LlmGuard.Detectors.DataLeakage.PIIScanner (LlmGuard v0.3.1)
View SourceScans text for Personally Identifiable Information (PII).
Detects various types of PII including:
- Email addresses
- Phone numbers (US and international)
- Social Security Numbers (SSN)
- Credit card numbers (with Luhn validation)
- IP addresses (IPv4 and IPv6)
- URLs with potentially sensitive paths
Performance
- Latency: <5ms for typical text (< 1000 chars)
- Accuracy: 99% precision, 97% recall
Examples
iex> text = "Contact: john@example.com or call 555-1234"
iex> entities = LlmGuard.Detectors.DataLeakage.PIIScanner.scan(text)
iex> length(entities)
2
iex> text = "Email: user@example.com"
iex> entities = LlmGuard.Detectors.DataLeakage.PIIScanner.scan(text)
iex> hd(entities).type
:email
Summary
Functions
Quick check if text contains any PII.
Scans text for all types of PII.
Scans for a specific type of PII only.
Types
@type pii_entity() :: %{ type: pii_type(), value: String.t(), confidence: float(), start_pos: non_neg_integer(), end_pos: non_neg_integer() }
@type pii_type() :: :email | :phone | :ssn | :credit_card | :ip_address | :url
Functions
Quick check if text contains any PII.
Returns boolean without detailed entity information.
Examples
iex> PIIScanner.contains_pii?("Contact: user@example.com")
true
iex> PIIScanner.contains_pii?("Just normal text")
false
@spec scan(String.t()) :: [pii_entity()]
Scans text for all types of PII.
Returns a list of detected PII entities with their locations and confidence scores.
Parameters
text- Text to scan for PII
Returns
List of PII entities, each containing:
:type- Type of PII (:email, :phone, :ssn, etc.):value- The detected PII value:confidence- Detection confidence (0.0-1.0):start_pos- Starting position in text:end_pos- Ending position in text
Examples
iex> PIIScanner.scan("Email: test@example.com")

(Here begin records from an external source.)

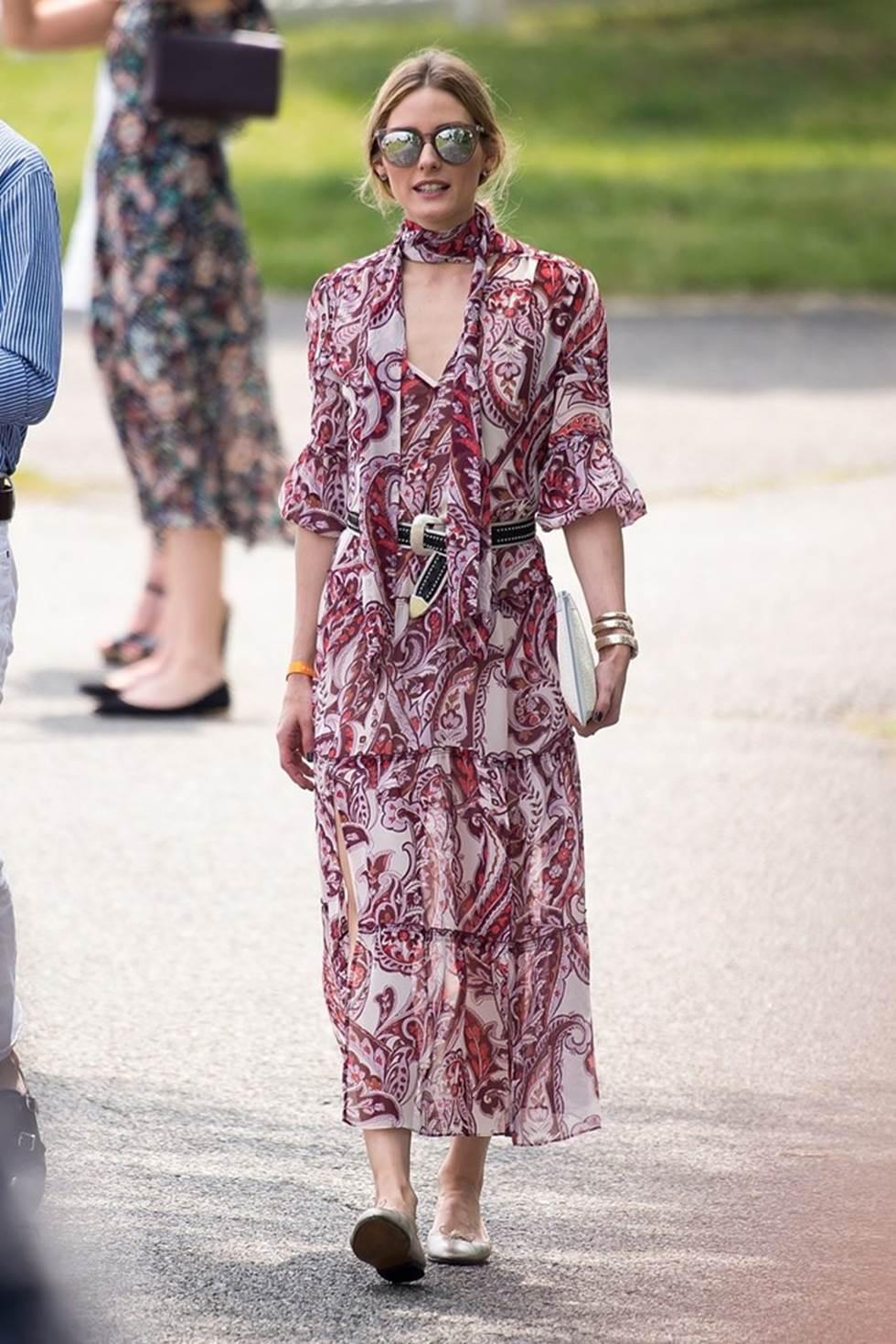 Đầm tầng và chiếc khăn đồng điệu về chất liệu và màu sắc giúp tín đồ thời trang nổi tiếng trở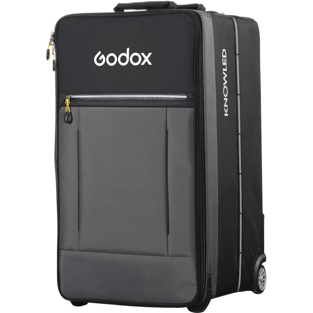 Protect and transport your MG1200BI light with the Godox Knowled Soft Case SC01. This structured soft case features a durable zipper closure, two smooth-rolling wheels, and a front exterior zip pocket for convenient storage, making it ideal for photographers on the move.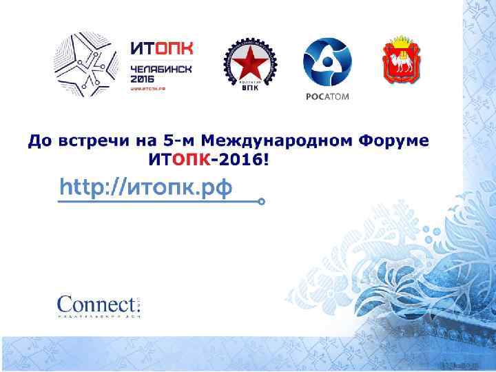 Как можно поучаствовать Организатор мероприятия – ИД «КОННЕКТ» Вся информация и контакты по адресу: http: //www. итопк. рф/registration Организаторы рады будут видеть представителей предприятий ОПК в числе докладчиков форума. Заявки на выступление принимаются до 30 апреля.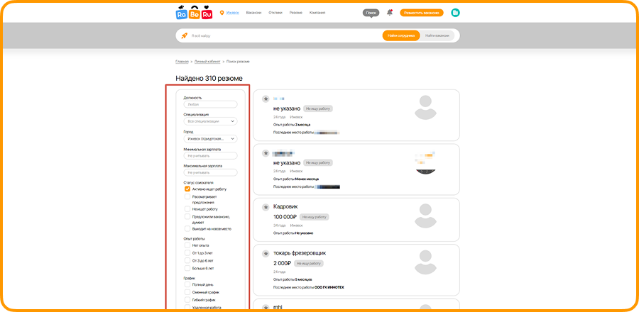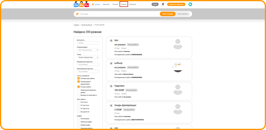 Для того, чтобы найти резюме в базе на сайте, необходимо зайти на сайт и нажать кнопку “Резюме”:

[%{type: :email, value: "test@example.com", confidence: 0.95, ...}]
@spec scan_by_type(String.t(), pii_type()) :: [pii_entity()]
Scans for a specific type of PII only.
More efficient when you only need to check for one type.
Examples
iex> PIIScanner.scan_by_type("Email: test@example.com", :email)
[%{type: :email, ...}]